On my computer, the former takes about a second, while the latter takes almost a minute. recur_fibonacci(41) will take more than twice as long.

However, contrary to what some people think recursion is not the problem here. Rather, the problem is algorithmic: For every Fibonacci number you calculate, you first calculate all previous Fibonacci numbers, and you do this again for each previous number, without remembering intermediate results.

This can be fixed by maintaining a “memory” of previous results — a process called memoisation. However, an alternative way of calculating Fibonacci numbers doesn’t require memoisation, and instead calculates a pair of adjacent Fibonacci numbers, rather than a single Fibonacci number. By doing this, the function never needs to re-calculate previous terms, it only need to calculate each pair once. This makes the algorithm’s runtime linear.

def fib_pair(n):
    if n < 1: return (0, 1)
    a, b = fib_pair(n - 1)
    return (b, a + b)


def fib(n):
    return fib_pair(n)[0]

This runs in microseconds even for large n (although it will at some point overflow the stack).

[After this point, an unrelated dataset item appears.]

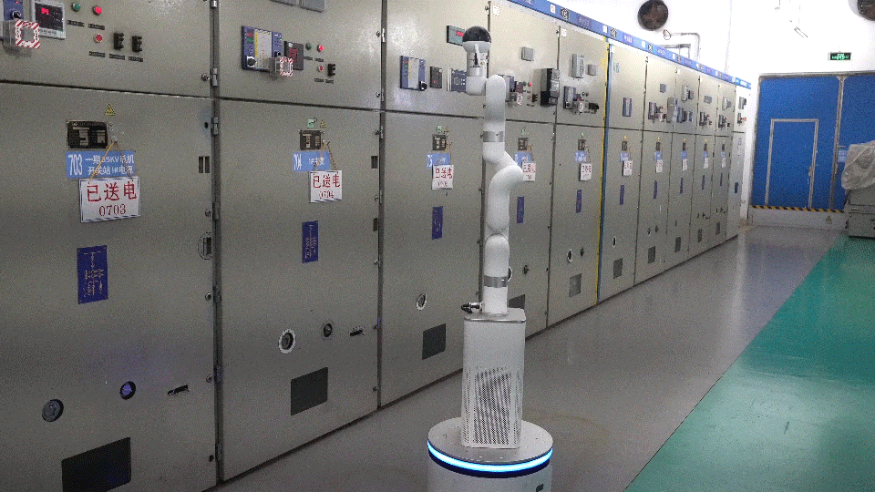 在冷轧厂35千伏变电站电气室内,一台拥有“360°旋转手臂”的智能巡检机器人正在工作。它沿着导轨缓缓“走”到每个机柜前,转动着头上的“眼睛”,就实现了对各类设备仪表数据和温度的探测,使运维管理智能化。

You might be reluctant to write two functions since you probably never actually need a pair of Fibonacci numbers. A trick is to store this pair as function arguments instead of the return value:1

def fib2(n, current = 0, next = 1):
    if n == 0: return current
    return fib2(n - 1, next, current + next)

1 A nice side-effect of this is that it results in a tail recursive function, which is a desirable property in recursive functions because it is isomorphic to iteration (to the point that some computer scientists call this type of recursion “iteration”), and can be trivially transformed, either via trampolines or by optimising compilers (Python implementations don’t currently do this).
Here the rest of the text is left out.